Esta revisión examinó los efectos de la olanzapina en comparación con otros fármacos antipsicóticos de segunda generación para la esquizofrenia. Se identificaron 50 estudios relevantes con 9476 participantes que compararon olanzapina con amisulprida, aripiprazol, clozapina, quetiapina, risperidona y ziprasidona. Actualmente, no hay comparaciones disponibles de la olanzapina con los fármacos antipsicóticos de segunda generación sertindol o zotepina. La olanzapina fue algo más eficaz que el aripiprazol, la quetiapina, la risperidona y la ziprasidona, mientras que no hubo diferencias en cuanto a la eficacia en comparación con la amisulprida y la clozapina. La desventaja principal de la olanzapina fue el mayor aumento de peso y los problemas metabólicos asociados en comparación con todos los demás fármacos antipsicóticos de segunda generación, a excepción de la clozapina.

Conclusiones de los autores: 

La olanzapina puede ser un fármaco algo más eficaz que algunos otros fármacos antipsicóticos de segunda generación.
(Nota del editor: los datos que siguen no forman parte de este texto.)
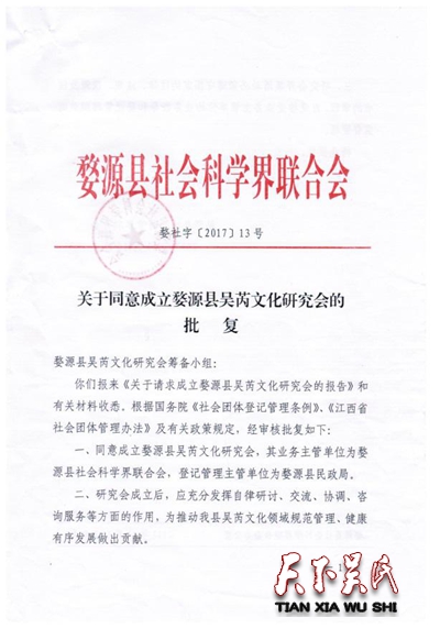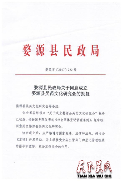 江西吴氏文史研究会、江西省吴氏宗亲总会将婺源成立宗亲会作为2017年的工作重点之一,并派出得力人员前往婺源指导、督促、沟通、协助。在筹备过程中,多次向县委、政府的主要领导汇报,并取得支持。在婺源发生、根瑞、福林、尚钦、瑞林、华生、玄福、志红等宗亲的积极、主动、热心工作和配合下,终于完成了各项筹备工作。值得称赞的是,会长吴福林多次奔走于县政府各部门之间,短短的十天内,完成了各种审批手续和刻章、建账号等事项。这种办事效率,在国内宗亲活动中是少有的。

Esta pequeña superioridad en la eficacia debe sopesarse frente a un mayor aumento de peso y problemas metabólicos asociados que la mayoría de los otros fármacos antipsicóticos de segunda generación, excepto la clozapina. Estas conclusiones son provisionales debido al gran número de pacientes que abandonaron los estudios de forma temprana, lo cual posiblemente limita la validez de los hallazgos. Se necesitan ensayos adicionales grandes y bien diseñados para establecer los efectos relativos de diferentes fármacos antipsicóticos de segunda generación.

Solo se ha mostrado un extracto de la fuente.